One of the more remarkable incidents during Bertz's
stay in Summerhill Road is related in a letter from George Gissing to his two sisters in
Wakefield (dated 20 June 1880):
"I can tell you a story which will give you a little
amusement. The other day, a friend of mine [Eduard Bertz] was walking by the side of a
river, where there were some boys bathing. One of these boys was at a little distance from
the others, & my friend, noticing something curious about him, soon saw that he was on
the point of being drowned. Without waiting to throw away his hat or take off his gloves,
at once he jumped headlong into the river, & succeeded in swimming to land with the
half-drowned boy! I should like to have seen him as he walked home; he must have looked
remarkably like a water-rat on its hind legs."

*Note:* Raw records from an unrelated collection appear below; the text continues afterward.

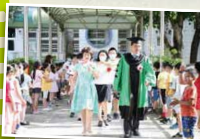
▲ 畢業典禮展現教育典範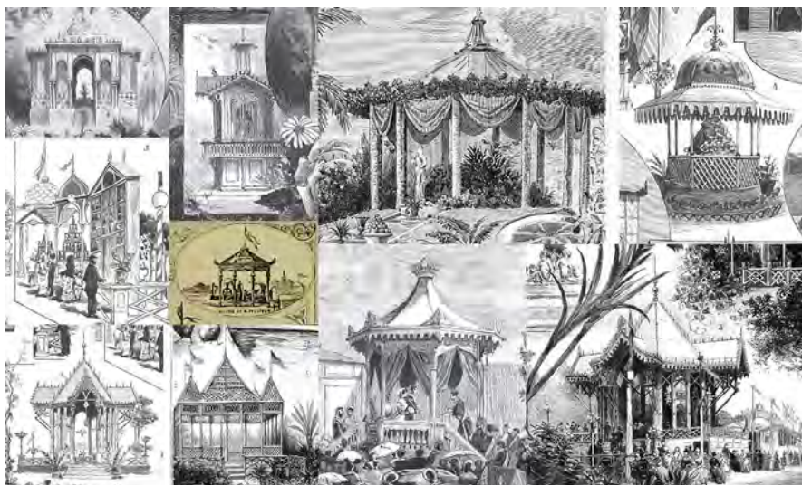
Fig. 15. Distintos modelos de kioscos aparecidos en diversas publicaciones antes de 1888.

en este tipo de kioscos, ya que permitía la escucha y la visualización. Las delgadas columnas facilitaban el desarrollo de estructuras diáfanas y sin ángulos muertos, lo que ayudaba a la expansión del sonido y a que la orquesta, banda o grupo pudiese ser escuchada desde cualquier punto. La cubierta no era muy elevada, pero hacía las funciones de protección de los músicos frente a las inclemencias y al mismo tiempo hacía de caja de resonancia.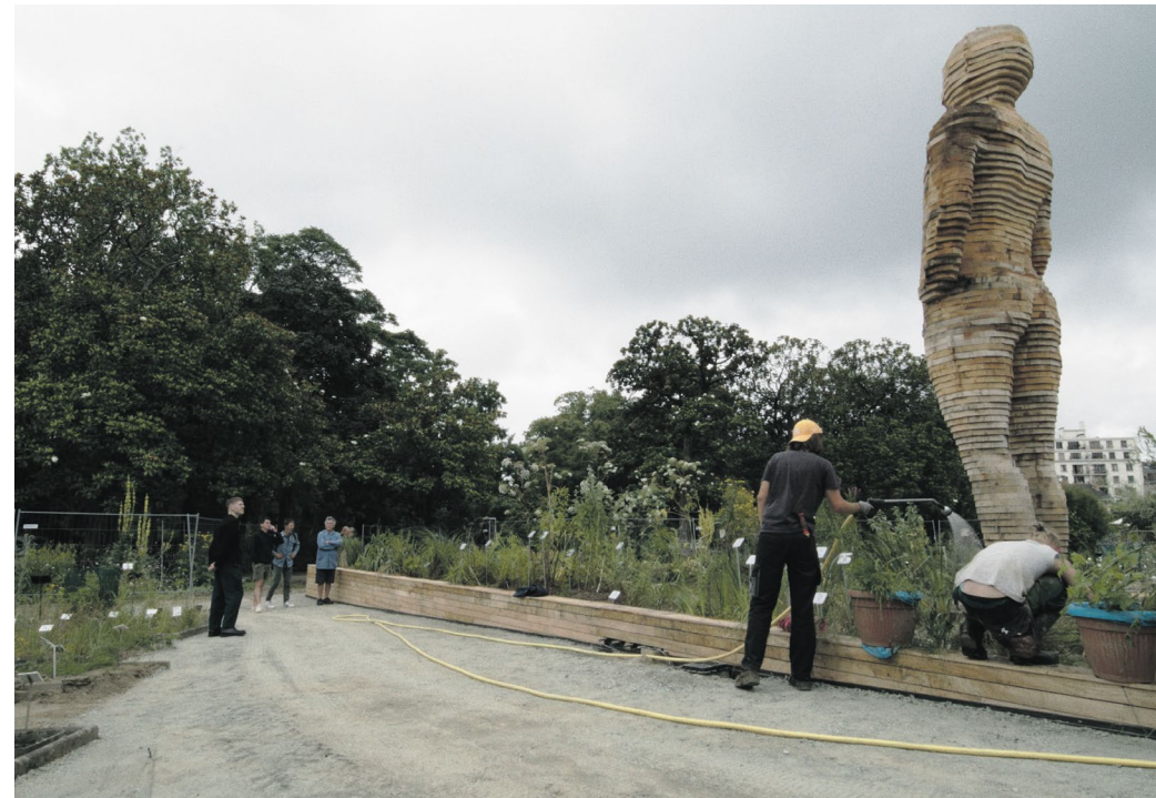
Jack Farman, Espèces Pionnières , photo © Jack Farman

One of the more fanciful bits of information that we discovered about George Gissing was the suggestion that he was once considered a suspect in the 'Jack the Ripper' murders that occurred in Victorian London.

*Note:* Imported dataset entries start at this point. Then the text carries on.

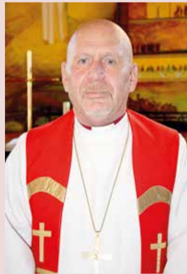
Архиепископ ЕЛЦ РК Юрий Новгородов

28 октября Архиепископу Евангелическо-Лютеранской Церкви в Республике Казахстан (ЕЛЦ РК) Юрию Новгородову исполнилось 65 лет! С юбилеем его поздравил Архиепископ Евангелическо-Лютеранской Церкви России (ЕЛЦР) Дитрих Брауэр. Редакция нашей газеты присоединяется к поздравлениям!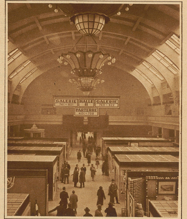
Blick in die Halle II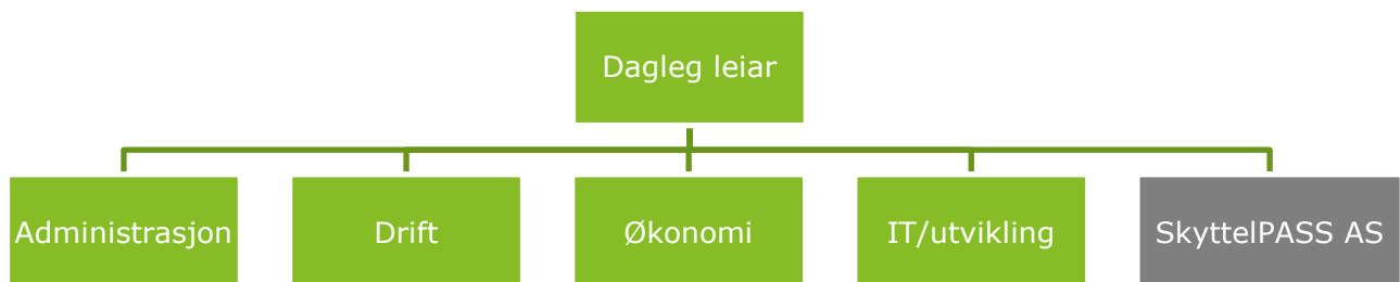
Figur 2: Forenkla organisasjonskart 21

Selskapet er leia av dagleg leiar. Dagleg leiar har ei mindre, uformell leiargruppe beståande av seks leiarar som skal rapportere til han. Leiargruppa skal i regelen møtast kvar veke, men dagleg leiar medgjev at dei ikkje alltid får til dette. Han fortel at om det er noko vesentleg som må drøftast, skal det vere låg terskel for leiargruppa å ta direkte kontakt med han. Møta i leiargruppa er i hovudsak munnlege.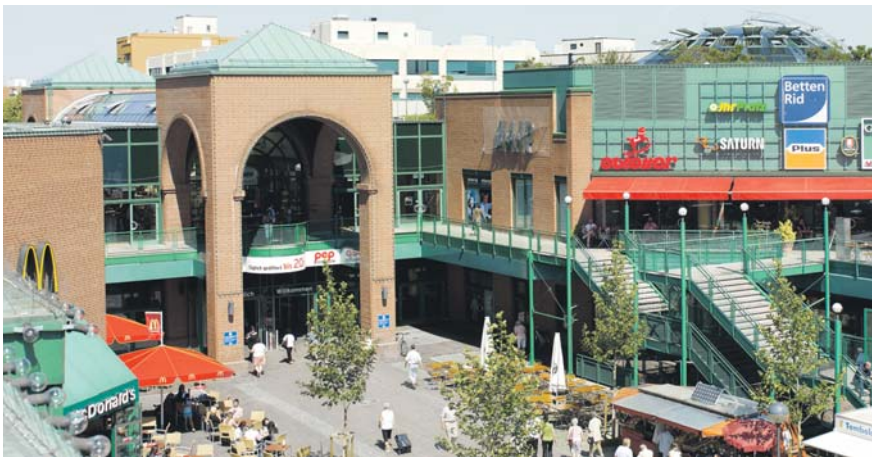
Einkaufszentrum PEP in München-Neuperlach.

Viele Experten fühlen sich durch den Shoppingcenter Performance Report („Lago ist bestes Shoppingcenter“, IZ 38/13) herausgefordert.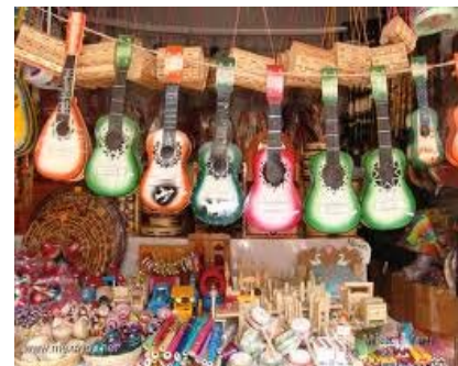
(Artesanías tradicionales de la República mexicana)

Los valores de asociación transmiten en su obra, pensamientos, opiniones e ideas ajenos a los valores estéticos, estimulan emociones e ideas relacionadas a la sociedad. Los valores utilitarios, son el aspecto práctico de la obra, consisten en la inteligencia práctica incluso a la comercialización de la obra.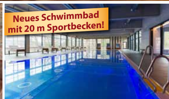
Neues Schwimmbad mit 20 m Sportbecken!

Das 4-Sterne-Parkhotel CUP VITALIS begeistert seine Gäste mit seinem einladenden Ambiente, der traumhaften Aussicht auf Bad Kissingen und die umliegenden Wälder, seinem großen SPA & Sportbereich sowie der 35.000 m 2 großen Parkanlage, die es umgibt.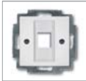
Накладка с металлической монтажной пластиной Для модульного разъема 1 м Подходит для арт. № 0210, 0211 и 0219-101 Без лапок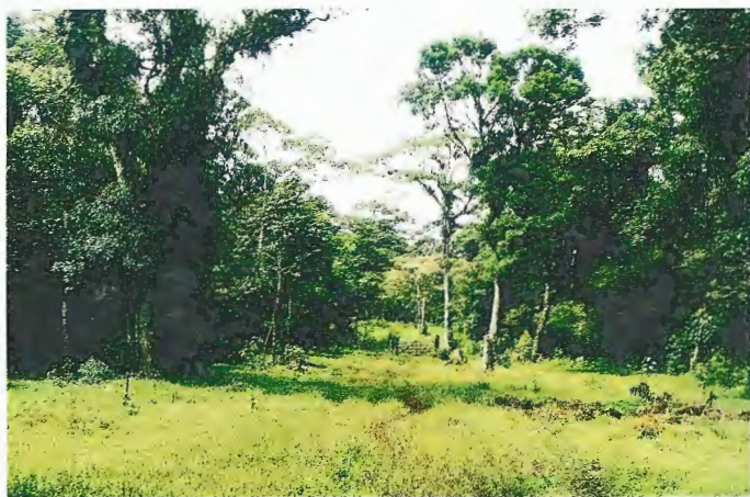
Abb. 6. Fragmentierter Bergregenwald in Miraflor (1190 m NN).

Fragmented montane rain forest at Miraflor (1190 m above sea level).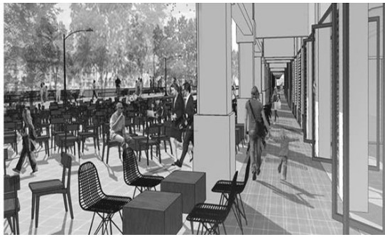
Gambar 5. Konsep Ruang Ekonomi dan Perdagangan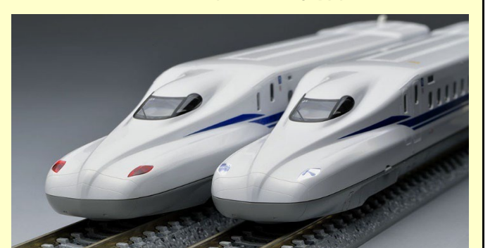
N700S 東海道・山陽新幹線 ◆別売りオプション◆ 室内灯:<0734>LC電球色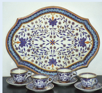
Tiroler Kunstkataster - Kulturgüterdokumentation des Landes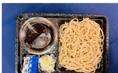
④年越もりそばパック(1人前)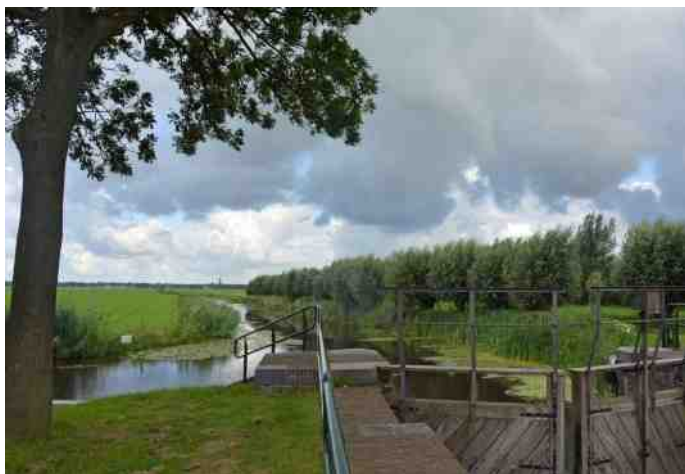
Eemnesser Vaart vanaf de sluis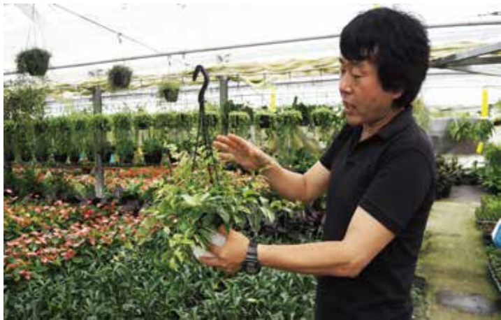
△1年の中で育てている観葉植物の種類は200～300種類もあるそうです。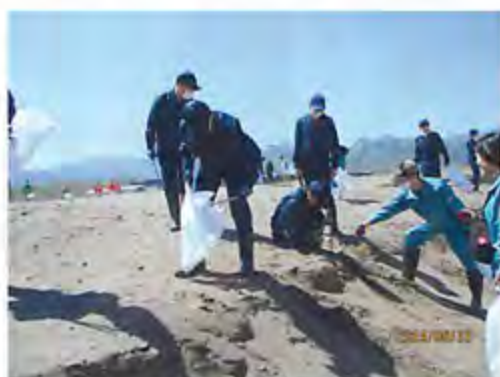
▲強い日差しの中、活動中の生徒の皆さん

SDGsを学習し、環境保全やリサイクル活動に興味をもつこと、関連する企業や地域社会とのつながりをもつとともに、活動で学んだことを地域社会に還元することが目標です。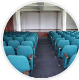
AUDITORIO JORGE PEREZ CONCHA

The terror that befell London's Whitechapel district in the Autumn months of 1888 remains unparalleled in the annals of crime. Jack the Ripper, a faceless predator whose infamy and guile would be renowned and feared to this day, has become virtual folklore to the people of the East End. More than a century has passed since Jack the Ripper stalked the fog filled, cobbled streets of London, but still latter day detectives continue to speculate as to the identity of the notorious "Whitechapel Murderer".

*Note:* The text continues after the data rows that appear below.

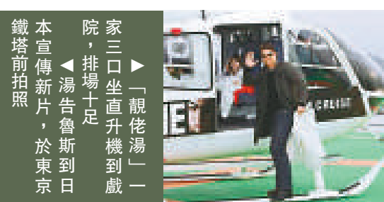
►「靚佬湯」一家三口坐直升機到戲院，排場十足 ▲湯告魯斯到日本宣傳新片，於東京鐵塔前拍照

他們在成田機場下機後，直接乘坐直升機到戲院，排場十足。湯告魯斯一行在位於赤坂剛興建完成、預定四月才啓用的直升機場降落，成為第一批使用的乘客。「靚佬湯」心情極佳，笑言坐直升機十分舒服。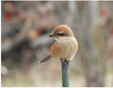
もず (2022.2.6) S.S.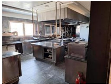
Cucina al Piano Terra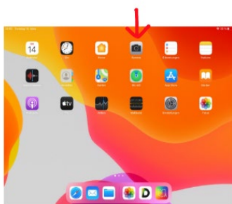
App zum Fotos machen

Unter dem Button könnt ihr einstellen, ob ihr ein Fotomachen wollt oder ein Video drehen möchtet.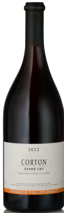
CORTON Grand Cru

Vitigno: Pinot nero 100% Tipo di vino: rosso fermo Vinificazione e affinamento: diraspatura totale - fermentazione acciaio e cemento - affinamento fûts nuovi 50% per 12 mesi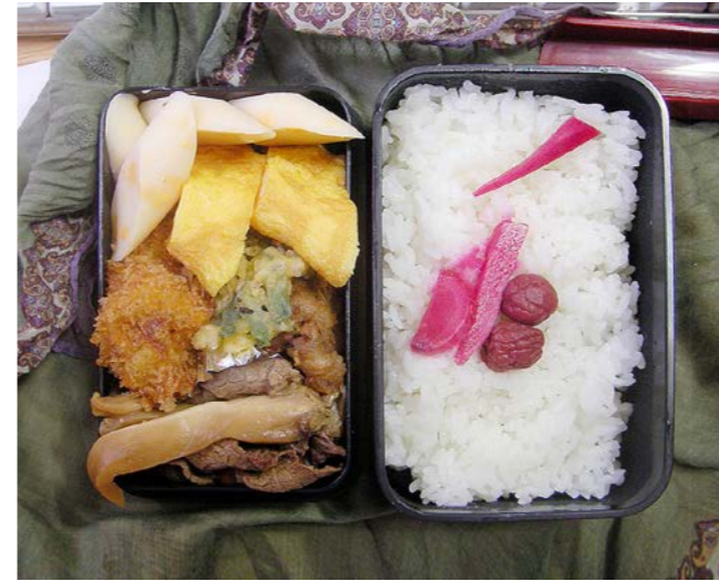
10/07/13/tue 玉子焼/チーカマ/牛・エリンギ煮/串カツ/大葉の天ぷら 紅ショウガ/小梅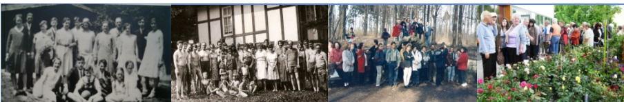
Gemeindeausflug in 1925 sowie zum Wackenhof (1981), auf dem Krahnberg (März 1997) und zum Rosarium (Juni 2012)

In den 110 Jahren, die unsere Gemeinde besteht, wurden auch etliche Ausflüge durchgeführt. Sie stärkten unsere schöne Gemeinschaft, es gab immer viel Freude und schöne Erlebnisse.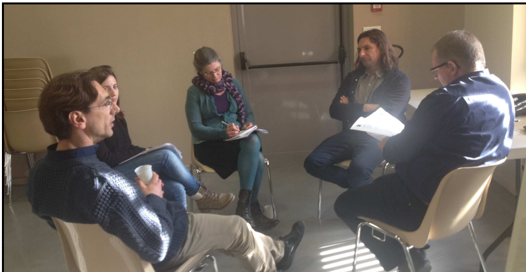
Journée Directeurs – Décembre 2015 - Narbonne

Les Délégués ont participé à deux journées de rencontre avec leurs pairs à la FCSF.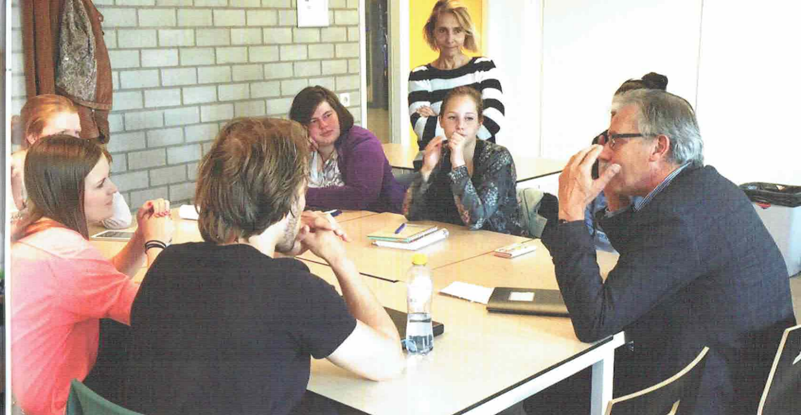
'Deze studenten zullen in hun werk met mensen met dementie in aanraking komen. Als zij nu al een ander beeld krijgen van dementie helpt hen dat in hun latere werk.'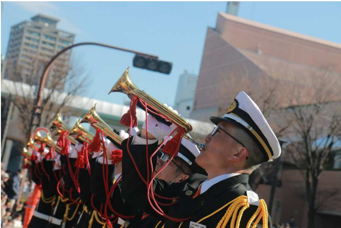
浜松市消防団ラッパ隊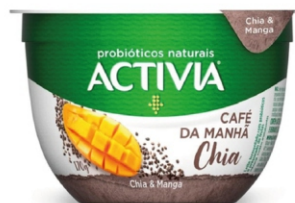
088-ACTIVIA CAFE/ MANHÃ CHIA/MANGA 170G 161632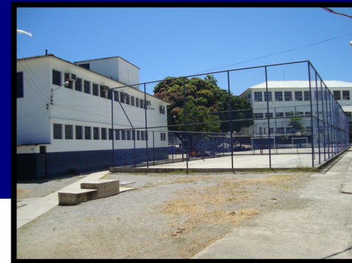
Vista da ETE-HL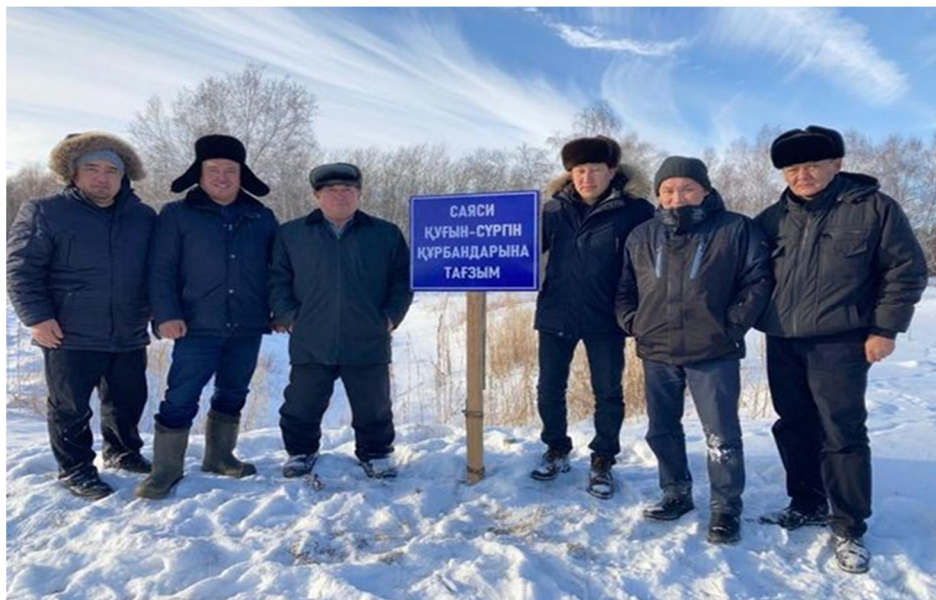
1-сурет. Далалық зерттеу экспедиция тобының мүшелерінің еңбекпен түзету лагерінің орнына ескерткіш тақта орнату сәті

Қазақстан Республикасы Президенті Қасым-Жомарт Тоқаевтың 2021 жылдың 24 қарашасында саяси қуғын-сүргін құрбандарын толық ақтау жөніндегі Жарлығынан кейін Ш. Уәлиханов атындағы Көкшетау университеті жанындағы «XX ғасырдың 20-50 жж. Саяси қуғын-сүргін құрбандарын ақтау жөніндегі Жобалық кеңсе» құрылып, аталмыш бағытта зерттеу жұмыстарын қолға ала бастады. Ақмола облысының осы Жобалық кеңсесі еліміздің өзге облыстарында құрылған кеңселер сияқты саяси қуғын-сүргін құрбандарын ақтау бойынша жұмыстарды бірнеше бағытта жүргізгенімен, зерттеу жұмыстарын осы ГУЛАГ лагерлер жүйесінде жапа шеккен құрбандарын ақтау бойынша жүргізген болатын (1-сурет).

The first time the rumour of Gissing's involvement appeared in print was in Richard Whittington-Egan's A Casebook on Jack the Ripper (London: Wiley, 1975) -- this is the authority cited by all other authors.
It would appear that no-one was above suspicion and over time there have been many suspects that have included Prince Eddy (Duke of Clarence), Sir William Gull (Royal Physician), John Netley (A Royal coachman) and the artist Walter Sickert. Although time has allowed hindsight, and numerous suspects have been presented, many are too ridiculous to be considered a viable culprit and this includes George Gissing.
In 1897 it was first diagnosed the Gissing was suffering from emphysema that was eventually to end his life so prematurely. After the turn of the century Gissings illness grew acute and he moved restlessly from place to place as a semi-invalid always sure that happiness was to be found elsewhere. George Gissing died in a rented villa in south-west France on 28th December 1903, and is buried in the English Cemetery at St Jean de Luz on the Bay of Biscay.
There is no doubt that in Victorian England George Gissing was among the more thoughtful and idiosyncratic writers and his brief association with Summerhill Road in this period just adds to the historical interest.
Editors Note: We are hoping to trace a copy of the local newspaper in June 1880 to see whether it features an account of Eduard Bertz saving a youth from drowning in the River Lea.